Ich sage deutlich: Es ist nicht Sache des Gesetzgebers, sondern es ist Sache der Aufsichtsräte, der Hauptversammlungen und der Unternehmen. Ich habe Ihnen sehr genau zugehört, Herr Jüttner. Sie haben selber gesagt, es sei eine Frage des Anstands. Da gebe ich Ihnen vollkommen recht. Sie haben auch gesagt, rechtlich sei es wahrscheinlich ganz kompliziert. Ich sage: Eine gesetzliche Beschränkung von Managergehältern ist rechtlich gar nicht möglich; das würde der Vertragsfreiheit zuwiderlaufen und wäre verfassungswidrig.
Das SPD-Präsidium hat das ja auch verworfen.
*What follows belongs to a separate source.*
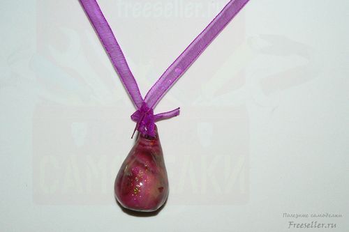 Из остатков слоистой пластики можно сделать подвеску. Делаем заготовку удлиненной капли-ракушки , оборачиваем слоистой пластикой, обваливаем в органзе.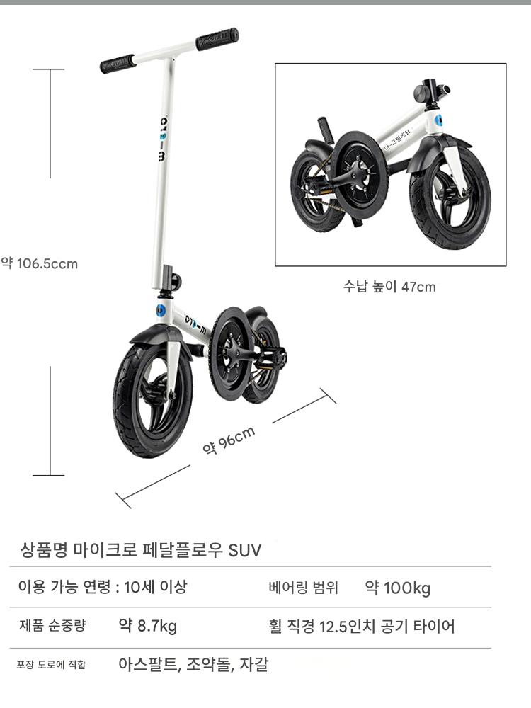 스위스 마이크로 페달플로우 마이구 성인 스탠딩 워킹 폴딩 페달 피트니스 스탠딩 자전거

Das SPD-Präsidium hat vorgestern einen klugen Beschluss gefasst, indem man erst einmal eine Arbeitsgruppe eingesetzt hat, die sich alles im Zusammenhang mit Transparenz und Abfindungen genau ansehen will. Man wird dazu kommen, dass es eine Frage der Wirtschaftsethik ist. In unserer sozialen Marktwirtschaft geht es nicht nur um Geld, Rendite und Produktivität, sondern um Verantwortlichkeit gegenüber seinen Produktionsverfahren, gegenüber seinen Produkten und gegenüber seinen Mitarbeitern und deren Familien. Es geht um Vorbildhaftigkeit. All das kann man gesetzlich nicht verordnen; das muss man bei den beteiligten Akteuren schlichtweg erwarten und unterstellen. Ansonsten muss man es einfordern, und das tue ich hiermit.
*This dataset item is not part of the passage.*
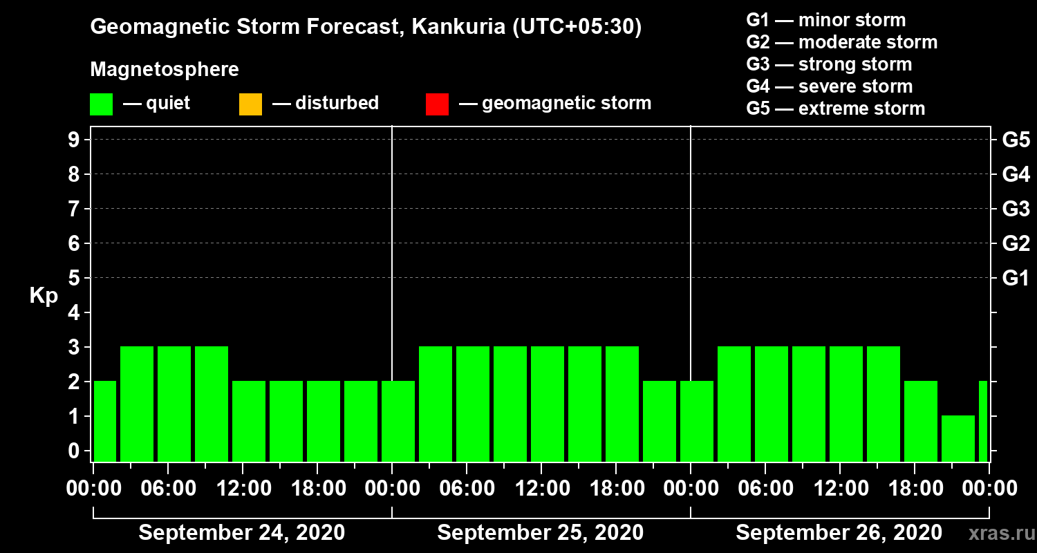 Geomagnetic storm forecast in Kankuria for Sep 24, 2020

Meine Damen und Herren, zu dem Tagesordnungspunkt 1 b) hat sich der Abgeordnete Harden zu einer persönlichen Bemerkung nach § 76 unserer Geschäftsordnung gemeldet.
Herr Harden, ich mache Sie darauf aufmerksam: Einem Mitglied des Landtages, das sich zu einer persönlichen Bemerkung zu Wort gemeldet hat, ist das Wort auch nach Schluss der Besprechung zu erteilen. Das Mitglied des Landtages darf in der persönlichen Bemerkung nur Angriffe zurückweisen, die in der Aussprache gegen es gerichtet wurden, oder eigene Ausführungen berichtigen. Es darf nicht länger als fünf Minuten sprechen. Bei Verstößen gilt § 71 Abs. 3 entsprechend.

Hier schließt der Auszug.